Литмир - Электронная Библиотека
A
A

Леониду и самому хотелось курить. Сунув пистолет за пазуху, он подошел к своему пленнику, нащупал в кармане пачку папирос, и в этот момент тот сильным ударом плеча отбросил его в сторону. Савочкин с трудом удержался на ногах, но отлетел к той сосне, около которой стоял. Выхватив пистолет, он предупредил новый бросок своего противника:

— Стой! Убью, как собаку!

В ответ послышался скрип зубов. Человек в меховой куртке отступил к своему дереву. Подняв пачку, Леонид вытащил папиросу, раскурил ее и, подавая ему, сказал:

— Учти: еще один такой фокус будет для тебя последним...

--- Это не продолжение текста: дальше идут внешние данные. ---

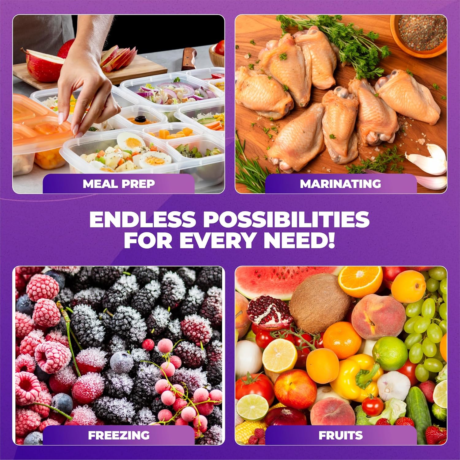 ✅ Freezer & Fridge Safe Prevents freezer burn and protects food from moisture loss.

Тот ничего не ответил. Покурив, они пошли дальше. Небо постепенно светлело, посветлел и лес, уже ясно выделялись на белом фоне каждое дерево, каждый пенек. Было по-прежнему тихо, но Савочкину казалось, что откуда-то справа на него наплывает неясный шум, похожий на гудение автомашин или танковых двигателей. Он пробовал замедлять шаг — и тогда ничего не слышал, начинал шагать быстрее — и шум наплывал снова. Это было похоже на галлюцинацию: кружилась голова, к горлу подступала легкая тошнота, левый рукав комбинезона, пропитанный кровью, заледенел и напоминал кусок замороженного пожарного шланга.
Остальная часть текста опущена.